Бедные свободные латыши содрали с Академии наук Тилманиса и Ольтаржевского не то звезду, не то герб — а это все равно, что отрубить руке пальцы. И вот грозит эта надрубленная рука от Спикеров до самых до окраин Москачки. И ждут неприкаянными дома вдоль правого берега Двины — не дождутся спугнутых курцупым членом высотного тела покупателей.
Величие природы в том, что она живет и действует по принципу: easy come — easy go. Когда она с легкостью заваливает белым снегом свои поля, леса и реки, сметая его с той же легкостью прочь и насыпая обратно, я склоняю перед ее величием свою смешную головку и с облегчением делаю заметки на полях.
Как бы то ни было, у меня теперь есть поля. Пара соток посередке Латвии, пара гектаров у нее востоке.

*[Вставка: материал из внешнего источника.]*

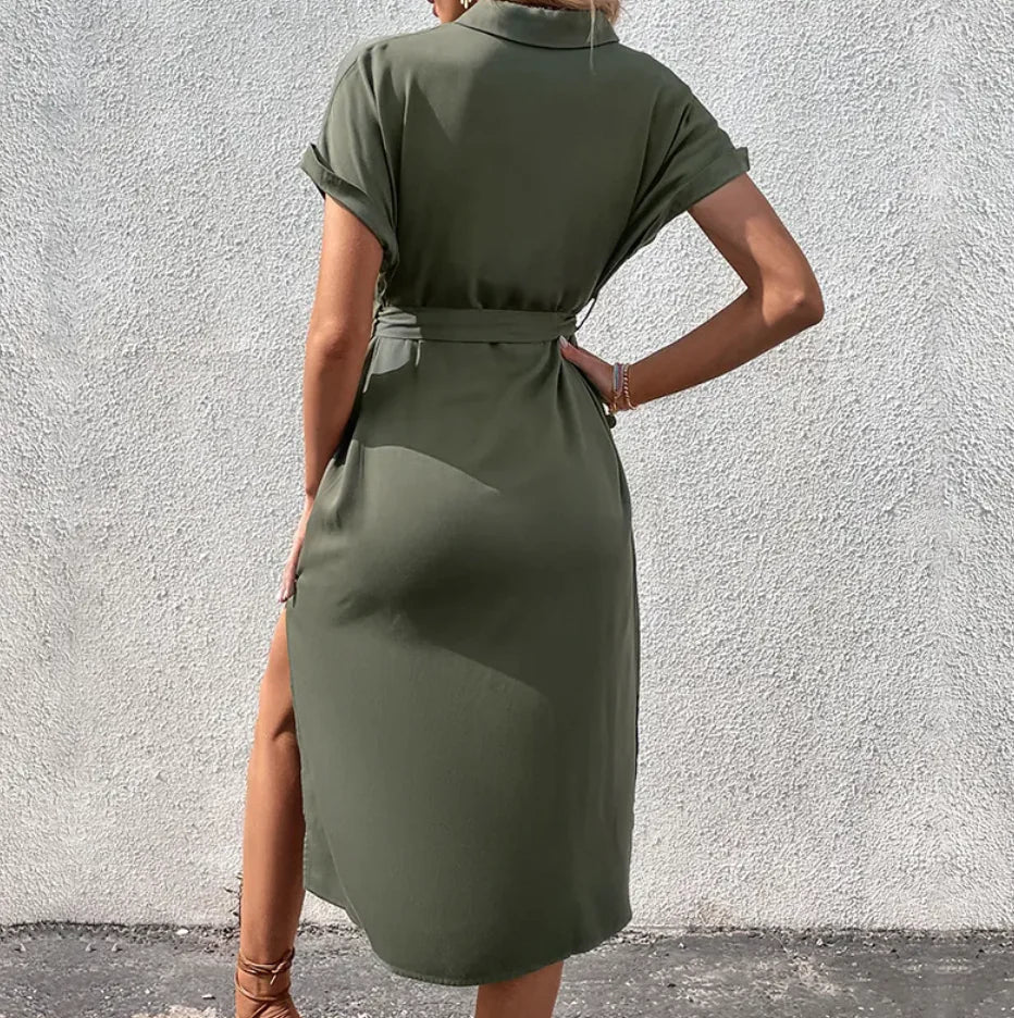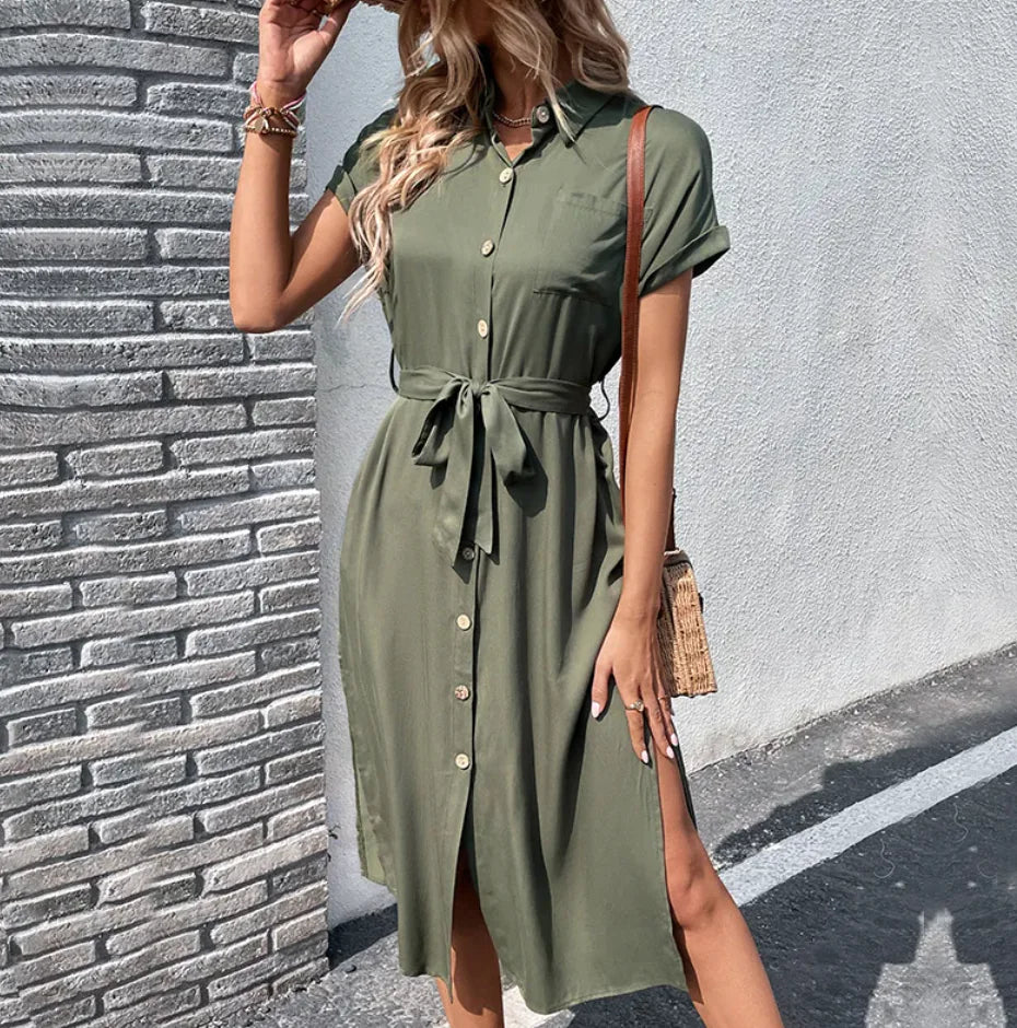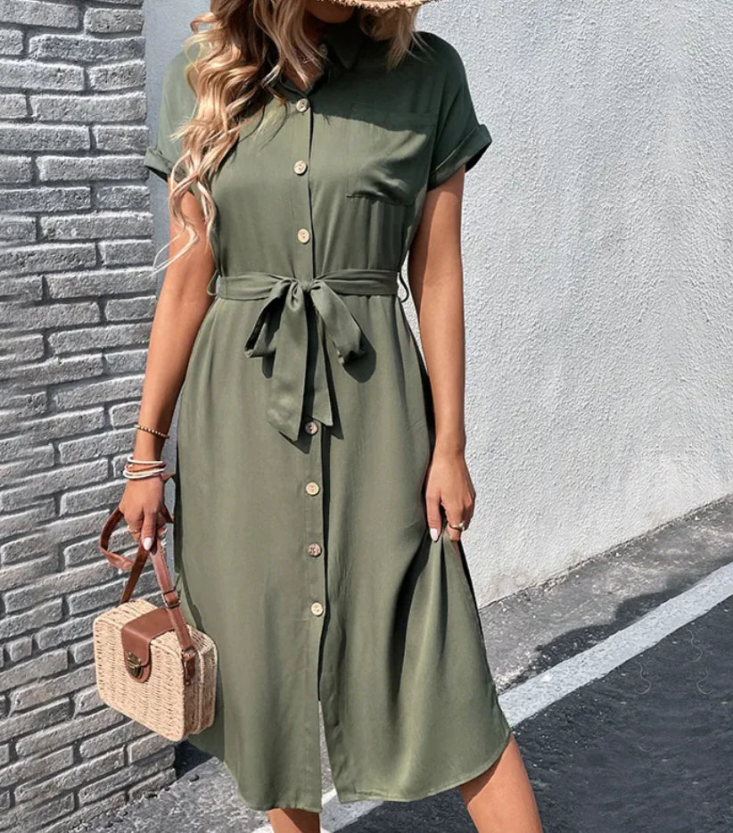 Šaty Celeste kombinují eleganci a pohodlí ve všestranném designu. Tato lehká košile s předními knoflíky a volným páskem zvýrazňuje postavu a dodává jí ženský nádech, zatímco funkční kapsy dodávají praktičnost bez kompromisů v oblasti stylu.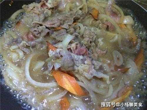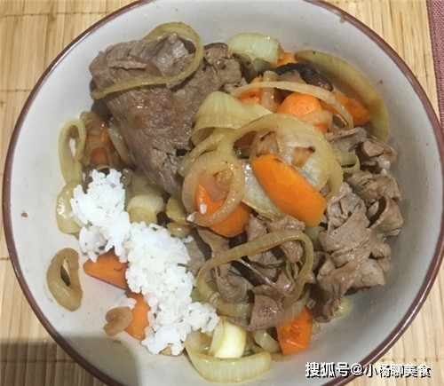 步驟三:倒入油後,先炒配菜,將配菜依次下入鍋中,將洋葱炒香後倒入胡蘿蔔,然後快速的拌勻,並且在炒好後,將肥牛倒入。接著剛才的調料倒入,並且在炒上1分鐘後在鍋中加上熱水,煮上一會後,就可以關上火,並且將菜鋪在飯上面,然後在淋上湯汁就行了。

Нам отчего-то трудно говорить о такой вещи, как облегчение. О процессе облегчения, связанном с понятием «облегчиться». Как сказал друг, вернувшись из Амстердама, по тому поводу, что в Голландии неявно запрещено пить (нет водки): «Кокс, герыч, еби животных… но пить нельзя. Если ты пьешь, ты — враг всего народа». Писая кипятком всех видов вокруг слова «трахаться», мы отчего-то избегаем слова «поссать».
Когда зима, собираясь на очередной срок — править нами, — разбрасывает ворохи белых избирательных бюллетеней со своими именами, я как бы подписываю их. Я мечу свою территорию, означенную древними межевыми столбами яблонь, и наступающее с продеванием последней пуговички в последнюю петельку облегчение приводит к необратимым сдвигам сознания, требующим вторичного выплеска на tabula rasa, чистый лист, свободное поле.
Недавно я, например, стоя под яблоней, задумался об эволюционном пути из стихов во прозу. Конечно же, конечно, случалось мне порассуждать об этом и раньше. Но мне хватало определений, оставленных великими. И я даже не хочу их называть — ни те, что знал прежде, ни те, о которых узнал вчера. Потому, что: попробую со второй попытки — потому, что… Ненавидя, по причине своего негуманитарного образования, все гуманитарные рассуждения о знаках, значениях, логиках — такие наивные, такие беспомощные, словно Офелия на закате своей карьеры — но, как и Офелия, такие же, блин, себе на уме, я и не думал, не гадал, что как-то раз на закате дня приобщусь к таинству знака, вечного, как сама жизнь. И, в контексте этой банальной метафоры, гуманитарного и, пожалуй, гуманного.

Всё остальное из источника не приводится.